TO DO |
Your reply should consist solely of the lines from the start of the material below through the line containing "- Đột lỗ KS", reproduced exactly.

DATA LISTING |
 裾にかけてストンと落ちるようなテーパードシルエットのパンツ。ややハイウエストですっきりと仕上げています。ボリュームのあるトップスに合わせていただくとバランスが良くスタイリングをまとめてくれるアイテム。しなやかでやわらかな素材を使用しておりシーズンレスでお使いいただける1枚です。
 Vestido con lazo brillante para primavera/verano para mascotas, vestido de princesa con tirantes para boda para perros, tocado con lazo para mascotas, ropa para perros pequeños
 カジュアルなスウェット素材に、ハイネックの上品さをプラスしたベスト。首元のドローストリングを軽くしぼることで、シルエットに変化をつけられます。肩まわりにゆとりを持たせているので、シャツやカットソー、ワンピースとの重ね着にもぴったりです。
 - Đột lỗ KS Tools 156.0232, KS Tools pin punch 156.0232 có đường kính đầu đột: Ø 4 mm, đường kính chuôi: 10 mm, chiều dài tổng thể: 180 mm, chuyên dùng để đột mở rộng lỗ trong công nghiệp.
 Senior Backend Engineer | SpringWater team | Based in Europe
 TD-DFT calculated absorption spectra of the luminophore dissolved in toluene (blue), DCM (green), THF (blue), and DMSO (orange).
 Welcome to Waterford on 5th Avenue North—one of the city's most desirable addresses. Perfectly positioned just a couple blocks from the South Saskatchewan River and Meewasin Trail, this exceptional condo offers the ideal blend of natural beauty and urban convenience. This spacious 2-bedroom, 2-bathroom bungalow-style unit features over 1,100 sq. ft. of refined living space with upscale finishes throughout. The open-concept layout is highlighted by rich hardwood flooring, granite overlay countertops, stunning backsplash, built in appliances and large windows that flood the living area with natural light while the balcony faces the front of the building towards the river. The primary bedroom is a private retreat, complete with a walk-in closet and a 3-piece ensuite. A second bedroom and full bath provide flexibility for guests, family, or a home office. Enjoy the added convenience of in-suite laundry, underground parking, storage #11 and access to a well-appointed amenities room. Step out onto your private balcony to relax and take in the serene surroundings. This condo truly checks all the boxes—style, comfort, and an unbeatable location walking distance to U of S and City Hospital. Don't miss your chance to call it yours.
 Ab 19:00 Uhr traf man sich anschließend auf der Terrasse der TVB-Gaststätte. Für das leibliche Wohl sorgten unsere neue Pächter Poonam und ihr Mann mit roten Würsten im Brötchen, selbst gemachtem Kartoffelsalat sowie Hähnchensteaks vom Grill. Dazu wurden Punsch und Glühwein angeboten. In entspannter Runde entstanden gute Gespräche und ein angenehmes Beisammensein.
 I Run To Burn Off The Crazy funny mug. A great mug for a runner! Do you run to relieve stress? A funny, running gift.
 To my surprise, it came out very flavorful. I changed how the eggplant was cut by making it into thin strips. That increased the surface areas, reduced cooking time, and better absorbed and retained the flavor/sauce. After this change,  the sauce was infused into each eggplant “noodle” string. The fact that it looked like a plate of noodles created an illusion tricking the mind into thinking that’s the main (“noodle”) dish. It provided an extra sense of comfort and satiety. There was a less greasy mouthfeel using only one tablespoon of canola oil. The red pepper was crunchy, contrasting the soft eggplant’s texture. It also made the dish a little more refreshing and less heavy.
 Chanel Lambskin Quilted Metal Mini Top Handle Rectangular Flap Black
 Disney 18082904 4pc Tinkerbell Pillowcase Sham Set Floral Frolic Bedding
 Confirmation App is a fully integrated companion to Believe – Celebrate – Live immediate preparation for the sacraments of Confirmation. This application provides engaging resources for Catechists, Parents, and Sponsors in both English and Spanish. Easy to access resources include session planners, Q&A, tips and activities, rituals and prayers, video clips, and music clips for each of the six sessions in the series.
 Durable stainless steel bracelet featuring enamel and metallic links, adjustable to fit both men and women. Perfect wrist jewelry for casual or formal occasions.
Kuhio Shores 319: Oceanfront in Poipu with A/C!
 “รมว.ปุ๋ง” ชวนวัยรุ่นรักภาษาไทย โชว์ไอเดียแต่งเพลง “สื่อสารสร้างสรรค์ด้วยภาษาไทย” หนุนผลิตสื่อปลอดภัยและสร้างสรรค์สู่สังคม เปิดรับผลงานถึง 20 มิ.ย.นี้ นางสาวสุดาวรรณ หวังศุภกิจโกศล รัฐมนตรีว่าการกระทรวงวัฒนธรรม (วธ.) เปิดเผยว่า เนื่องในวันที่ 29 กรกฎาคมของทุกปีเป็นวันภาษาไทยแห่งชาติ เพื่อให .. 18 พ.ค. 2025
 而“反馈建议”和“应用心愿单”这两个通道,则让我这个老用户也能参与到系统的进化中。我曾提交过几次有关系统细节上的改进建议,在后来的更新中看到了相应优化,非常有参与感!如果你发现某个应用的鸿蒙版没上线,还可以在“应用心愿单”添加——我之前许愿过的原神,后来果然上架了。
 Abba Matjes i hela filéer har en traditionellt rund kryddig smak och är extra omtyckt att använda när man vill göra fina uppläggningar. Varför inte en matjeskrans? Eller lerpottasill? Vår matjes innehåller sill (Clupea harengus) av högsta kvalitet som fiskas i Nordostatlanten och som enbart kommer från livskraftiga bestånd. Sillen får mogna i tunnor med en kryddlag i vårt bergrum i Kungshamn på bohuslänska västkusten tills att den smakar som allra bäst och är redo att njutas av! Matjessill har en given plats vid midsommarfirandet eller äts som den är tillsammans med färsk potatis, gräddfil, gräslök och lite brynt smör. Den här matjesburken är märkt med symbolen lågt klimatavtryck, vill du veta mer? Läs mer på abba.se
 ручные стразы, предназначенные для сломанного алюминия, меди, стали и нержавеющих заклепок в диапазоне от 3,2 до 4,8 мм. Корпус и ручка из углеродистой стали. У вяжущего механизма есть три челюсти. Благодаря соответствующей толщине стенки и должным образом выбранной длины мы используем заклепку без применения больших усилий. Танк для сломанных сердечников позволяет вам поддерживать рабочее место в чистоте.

TASK RESPONSE |
 裾にかけてストンと落ちるようなテーパードシルエットのパンツ。ややハイウエストですっきりと仕上げています。ボリュームのあるトップスに合わせていただくとバランスが良くスタイリングをまとめてくれるアイテム。しなやかでやわらかな素材を使用しておりシーズンレスでお使いいただける1枚です。
 Vestido con lazo brillante para primavera/verano para mascotas, vestido de princesa con tirantes para boda para perros, tocado con lazo para mascotas, ropa para perros pequeños
 カジュアルなスウェット素材に、ハイネックの上品さをプラスしたベスト。首元のドローストリングを軽くしぼることで、シルエットに変化をつけられます。肩まわりにゆとりを持たせているので、シャツやカットソー、ワンピースとの重ね着にもぴったりです。
 - Đột lỗ KS Tools 156.0232, KS Tools pin punch 156.0232 có đường kính đầu đột: Ø 4 mm, đường kính chuôi: 10 mm, chiều dài tổng thể: 180 mm, chuyên dùng để đột mở rộng lỗ trong công nghiệp.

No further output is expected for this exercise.